RECORD EXCERPTS START

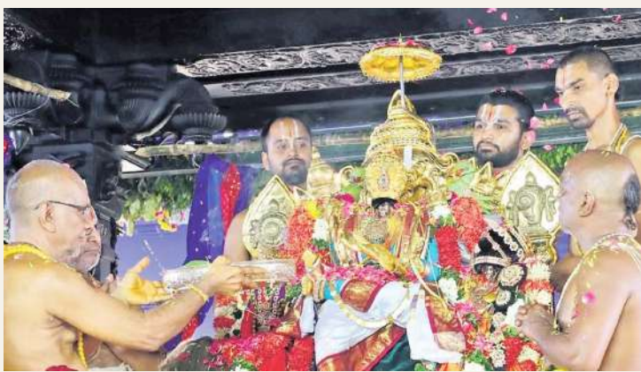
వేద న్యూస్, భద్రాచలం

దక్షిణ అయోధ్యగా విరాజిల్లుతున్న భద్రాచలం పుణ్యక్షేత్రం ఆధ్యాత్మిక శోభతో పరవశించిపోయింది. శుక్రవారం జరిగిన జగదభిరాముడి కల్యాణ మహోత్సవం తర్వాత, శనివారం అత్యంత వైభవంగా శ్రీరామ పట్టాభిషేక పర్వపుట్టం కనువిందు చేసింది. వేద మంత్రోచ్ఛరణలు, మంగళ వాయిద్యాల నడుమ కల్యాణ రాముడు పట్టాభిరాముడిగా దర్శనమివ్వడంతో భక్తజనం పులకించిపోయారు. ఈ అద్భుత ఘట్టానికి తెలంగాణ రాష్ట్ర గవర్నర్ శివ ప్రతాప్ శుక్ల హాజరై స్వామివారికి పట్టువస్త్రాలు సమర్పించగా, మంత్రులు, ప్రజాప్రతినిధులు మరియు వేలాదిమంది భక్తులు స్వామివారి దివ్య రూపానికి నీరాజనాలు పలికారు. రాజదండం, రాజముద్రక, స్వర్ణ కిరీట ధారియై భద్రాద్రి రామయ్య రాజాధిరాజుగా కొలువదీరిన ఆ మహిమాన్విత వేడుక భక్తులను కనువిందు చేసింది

RECORD EXCERPTS END
RECORD EXCERPTS START

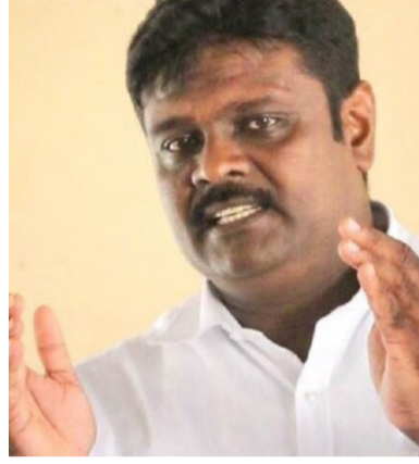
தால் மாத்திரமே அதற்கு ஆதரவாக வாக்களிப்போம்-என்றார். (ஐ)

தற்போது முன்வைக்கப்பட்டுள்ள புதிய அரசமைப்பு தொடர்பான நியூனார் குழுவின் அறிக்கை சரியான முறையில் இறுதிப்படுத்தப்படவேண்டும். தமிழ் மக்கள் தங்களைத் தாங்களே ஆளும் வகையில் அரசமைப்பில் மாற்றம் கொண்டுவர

RECORD EXCERPTS END

■ ABOUT THIS EXERCISE ■
All lines above from the line with "వేద న్యూస్, భద్రాచలం" through the line with "దక్షిణ అయోధ్యగా విరాజిల్లుతున్న", both included, are to be set down exactly, with nothing else.

■ PROBLEM SOLUTION ■
వేద న్యూస్, భద్రాచలం

దక్షిణ అయోధ్యగా విరాజిల్లుతున్న భద్రాచలం పుణ్యక్షేత్రం ఆధ్యాత్మిక శోభతో పరవశించిపోయింది. శుక్రవారం జరిగిన జగదభిరాముడి కల్యాణ మహోత్సవం తర్వాత, శనివారం అత్యంత వైభవంగా శ్రీరామ పట్టాభిషేక పర్వపుట్టం కనువిందు చేసింది. వేద మంత్రోచ్ఛరణలు, మంగళ వాయిద్యాల నడుమ కల్యాణ రాముడు పట్టాభిరాముడిగా దర్శనమివ్వడంతో భక్తజనం పులకించిపోయారు. ఈ అద్భుత ఘట్టానికి తెలంగాణ రాష్ట్ర గవర్నర్ శివ ప్రతాప్ శుక్ల హాజరై స్వామివారికి పట్టువస్త్రాలు సమర్పించగా, మంత్రులు, ప్రజాప్రతినిధులు మరియు వేలాదిమంది భక్తులు స్వామివారి దివ్య రూపానికి నీరాజనాలు పలికారు. రాజదండం, రాజముద్రక, స్వర్ణ కిరీట ధారియై భద్రాద్రి రామయ్య రాజాధిరాజుగా కొలువదీరిన ఆ మహిమాన్విత వేడుక భక్తులను కనువిందు చేసింది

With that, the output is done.